▶ **WORK TO BE COMPLETED**:
In full and word for word, copy the listing; no pictures belong in the copy.

▶ **DATASET EXTRACT**:
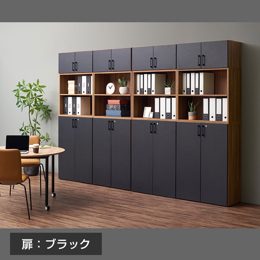 1~3段までのキャビネットを積み重ねて、最大6段の収納棚に!オープンと扉付きタイプをご用意しており、用途に合わせた組み合わせが可能です。積み重ねたキャビネットを横に並べれば、オフィス空間をデザインするコーディネートを展開できます(4段以上連結する場合は必ず壁面に設置してください)。
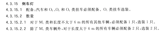 GB4785-2007《汽車及掛車外部照明和光信號(hào)裝置的安裝規(guī)定》4.3.15規(guī)定:長(zhǎng)度小于6米的汽車強(qiáng)制安裝1個(gè)倒車燈,可再選裝1個(gè)。長(zhǎng)度大于6米的汽車強(qiáng)制安裝2個(gè)倒車燈,可再選裝2個(gè)。
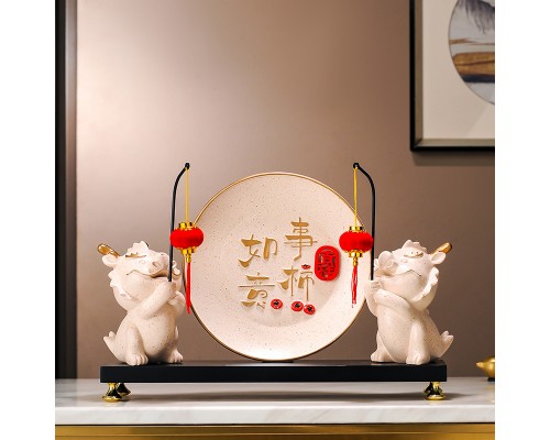 暖居裝飾盤+對聯龍擺件 (NT1,342)
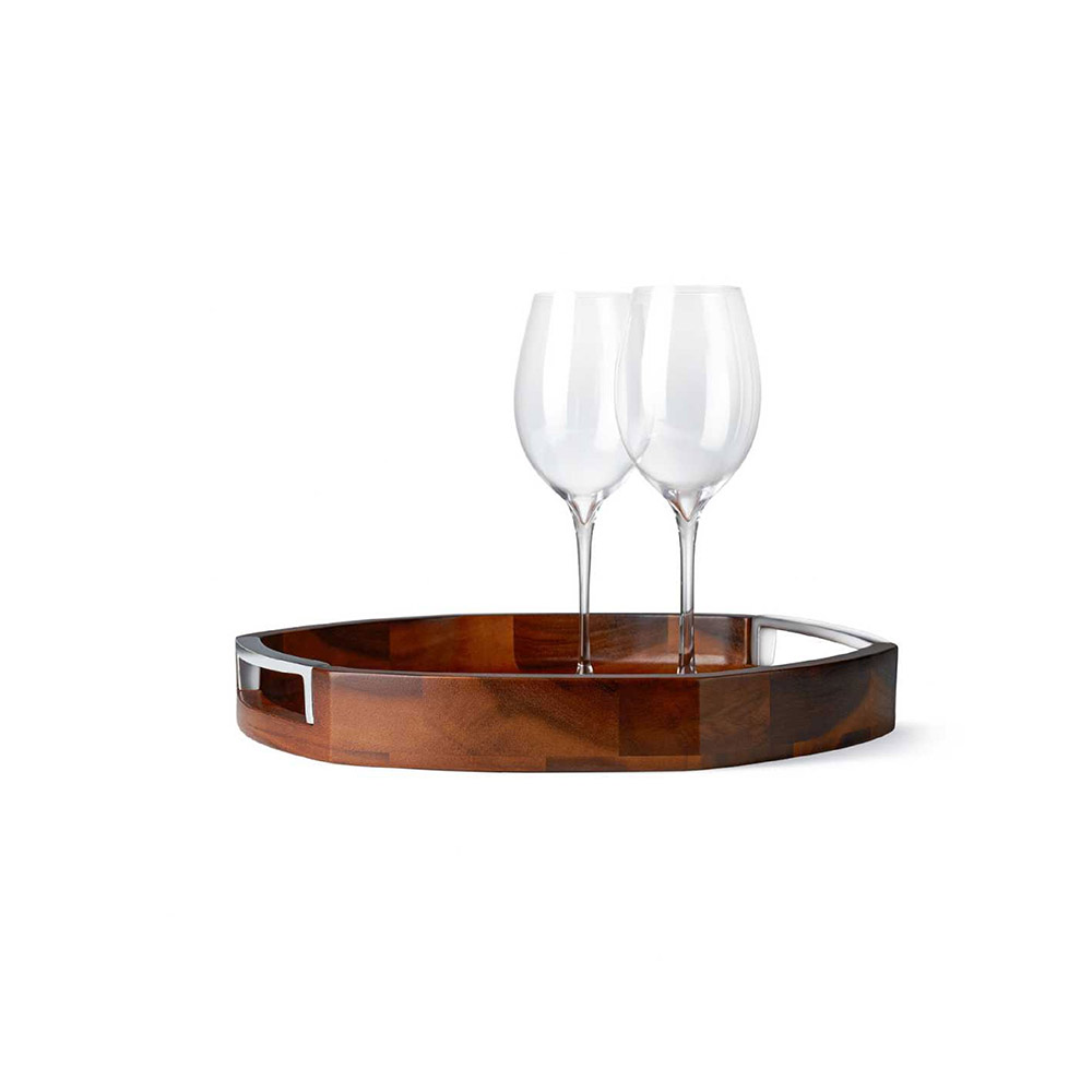 La bandeja con asas de remache es un elemento esencial para el entretenimiento que añade un toque de distinción a cualquier mesa. Combina la rica madera de acacia con la aleación Nambé para lograr un estilo a la vez clásico y moderno. Con líneas definidas que forman una elegante silueta y un interior cóncavo, esta pieza es ideal para quienes disfrutan recibiendo invitados y organizando reuniones.

▶ **RESULT**:
 1~3段までのキャビネットを積み重ねて、最大6段の収納棚に!オープンと扉付きタイプをご用意しており、用途に合わせた組み合わせが可能です。積み重ねたキャビネットを横に並べれば、オフィス空間をデザインするコーディネートを展開できます(4段以上連結する場合は必ず壁面に設置してください)。
 GB4785-2007《汽車及掛車外部照明和光信號(hào)裝置的安裝規(guī)定》4.3.15規(guī)定:長(zhǎng)度小于6米的汽車強(qiáng)制安裝1個(gè)倒車燈,可再選裝1個(gè)。長(zhǎng)度大于6米的汽車強(qiáng)制安裝2個(gè)倒車燈,可再選裝2個(gè)。
 暖居裝飾盤+對聯龍擺件 (NT1,342)
 La bandeja con asas de remache es un elemento esencial para el entretenimiento que añade un toque de distinción a cualquier mesa. Combina la rica madera de acacia con la aleación Nambé para lograr un estilo a la vez clásico y moderno. Con líneas definidas que forman una elegante silueta y un interior cóncavo, esta pieza es ideal para quienes disfrutan recibiendo invitados y organizando reuniones.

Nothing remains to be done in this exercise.